So can the relationship between the police and subject communities be understood in terms of a conflict cycle, and can that model explain the perceptions of individual police and individual suspects in a real way? I think so.

If we take a look at the relationship between specific communities, especially communities of color with a low socio-economic status, and their respective police departments we often see a long history of abuse and exploitation and troublesome, often violent, interactions between police and suspects. Police know, going into one of “those” communities, that they are entering a threatening environment. The police will often respond to such patrols with an “us against them” mentality. The community also looks with suspicion on the police, seeing cops as oppressors and representatives of a system that serves only to abuse and exploit the members of the community. The police are certainly not seen as helpful public servants.

When officers enter these communities, they are prepped for combat and are socialized to suffer no challenge to their authority. Any indication of trouble should be met with immediate force. In some cases, it’s understood that force is the only thing that “those people” understand. Police enter these communities more aggressively and interact with members of the community in more authoritarian ways.

Members of the community then look with suspicion on the police and avoid interactions. When members of the community must interact with the police they do so defensively. From the point of view of the police, however, this is suspicious behavior. Police are more likely to assert authority and show aggression. Members of the community are more likely to resist. The increased assertiveness and aggression on the part of the police reinforce resistance and avoidance on the part of the community members, which, in turn, reinforce greater assertiveness and aggression on the part of the police, which continues to reinforce resistance and/or avoidance.
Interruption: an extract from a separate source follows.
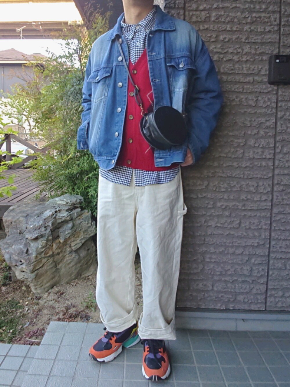 いつもご覧いただきありがとうございます☺️ 今日はデニムジャケットとギンガムチェックシャツを合わせました☺️ ちょっと寒いので薄手のカーディガンをチラ見せ☺️ 赤が結構効いてます✨ 3日間行けばGW ま、どこも行けませんが😅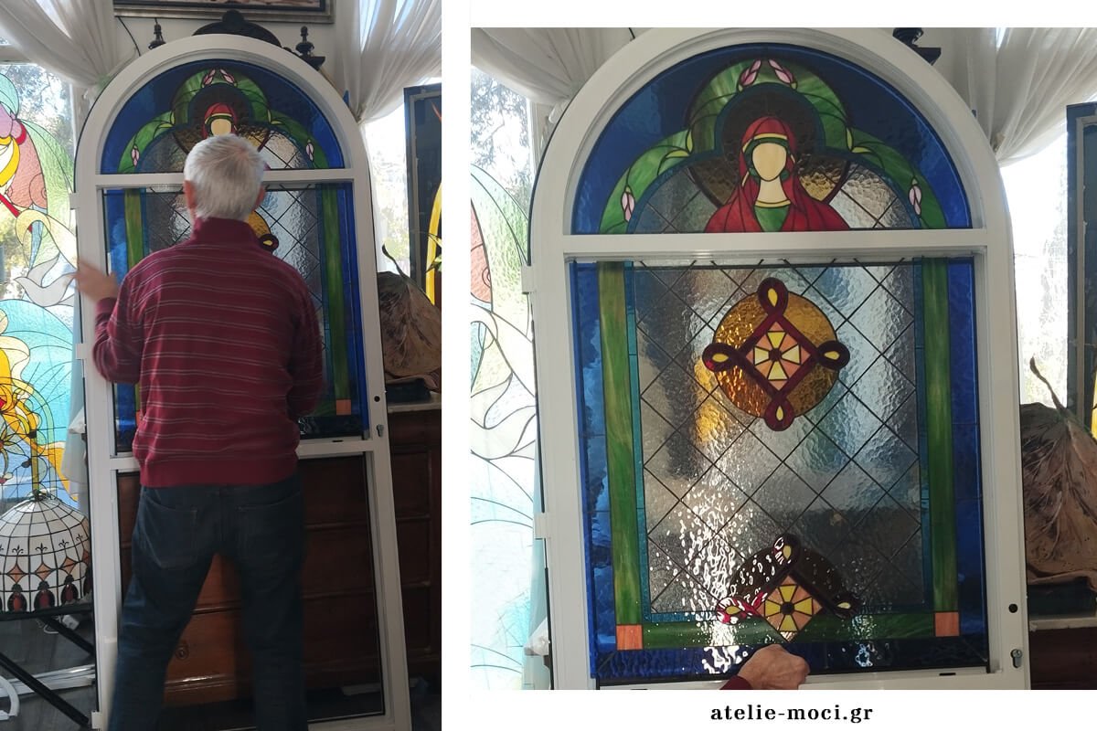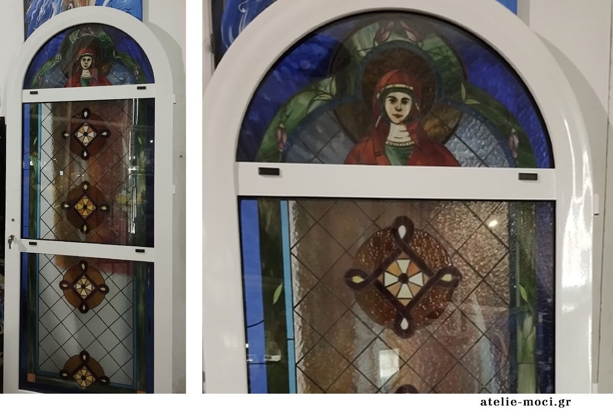 Portfolio: Μια τοξωτή θύρα με εκκλησιαστικό θέμα, με την Απεικόνιση της Παναγίας: Το Κέντρο της Πίστης μας.Στο επάνω μέρος της κατασκευής, στην κορυφή της τοξωτής καμπύλης, δεσπόζει η μορφή της Υπεραγίας Θεοτόκου. Η επιλογή αυτή δεν είναι τυχαία. Η Παναγία αποτελεί το μεσίτη μεταξύ ουρανού και γης, και η τοποθέτησή της στο ψηλότερο σημείο του παραθύρου επιτρέπει στο φυσικό φως να διαπερνά το πρόσωπό Της, δημιουργώντας μια ατμόσφαιρα κατάνυξης που αγκαλιάζει όλο τον χώρο.

From the point of view of the police officers, their assumptions about “those people” are confirmed by their unwillingness to cooperate, their greater likelihood to resist arrest, their shifty behavior. Add to this equation a long history of racial animus and we have a perfect scenario in which a police officer, even a police officer of color, will feel justified in behavior in the line of duty that would otherwise be defined as abusive and exploitative.

From the point of view of the community members, especially young men of color, the police are dangerous. Offering deference and submission, the suggested strategies for interacting with a police officer (which is really a police-state style interaction, but that’s a different post) does not necessarily guarantee safety. Stories of abuse and violence at the hands of out of control police officers abound in the community. And if a police officer has it in for a member of the community, there is no recourse. The officer will be vindicated, and the community member may very well be dead.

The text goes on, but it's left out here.